This article is more than 1 year old

A year ago: Intel goes like clappers

Yearly results show rest of industry has lots to learn

Despite the reams of paper spent on financial results by large companies, it's really rather easy to figure what's happening at a company by reading between the lines. Intel, for example, turned in its yearly results last year and this can be expressed easily in one sentence. In fiscal 97 it turned over $25 billion and made a whopping profit while in fiscal 96 it turned over 20 per cent less than that and made a whopping profit. Fortunately, US rules make large corporations go a little bit further than that, breaking things out by the quarter, and it's those items which make compulsive reading for journalists. For example: "Unit shipments of Fast Ethernet connections and switches were up from the third quarter, unit shipments of hubs were down from the third quarter." Bad news for 3Com then. What about this item, too? Intel's gross margin in Q4 was up slightly from 58 per cent in Q3, "partially offset by the impact of purchased components used on the SEC cartridge for the Pentium II processor". This is sophistry, because it spent a lot more on SRAM when it was telling the world how wonderful the Pentium Pro was. It turns out, too, that Intel won't suffer as much as others might from the problems in South East Asia, because most of its revenue stream doesn't come from that region or from Japan, for some reason taken out of the equation.
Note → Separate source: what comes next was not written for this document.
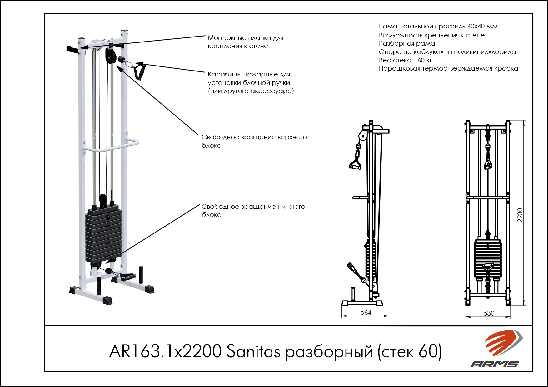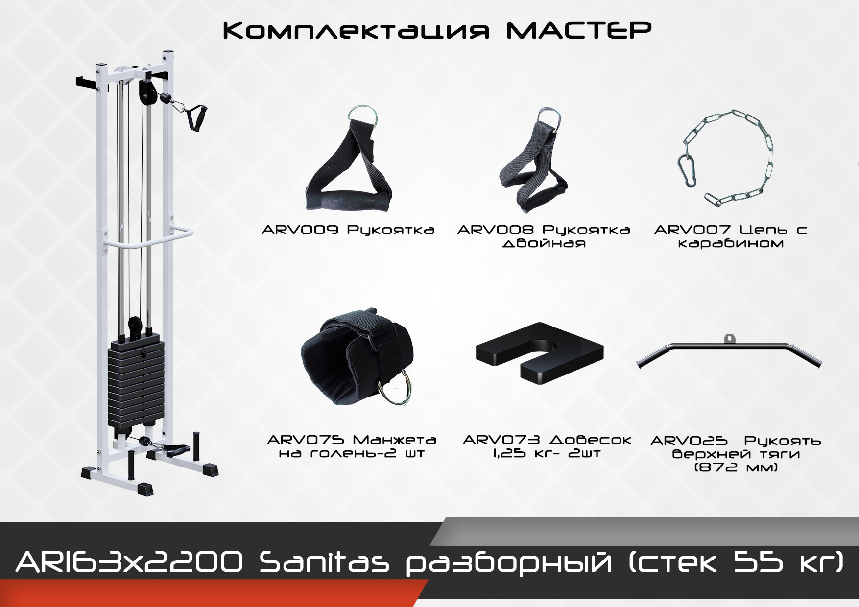 Тренажер Sanitas предназначен для выполнения широкого ряда упражнений: развитие мышц пресса, груди, всех мышц рук и ног, а также реабилитационных упражнений таких заболеваний как остеохондроз, боли в шее, суставах и т.д.

Intel now has 64,000 employees, up from 48,500 at the end of 1996. Here's the fact about Intel and DEC Alpha that many hacks got wrong, spelt out in some detail: "Intel announced during the quarter that it plans, subject to government review, to purchase Digital Equipment Corporation’s semiconductor operations for approximately $700 million. As part of the deal, Intel will serve as a foundry for Digital for multiple generations of Alpha microprocessors. Other key components of the deal include a 10 year patent cross license agreement and Digital development of a full line of systems based on Intel’s IA-64 processor family. (Our italics). ® NB 11 January 1999. Intel's and AMD's yearly results are released later this week.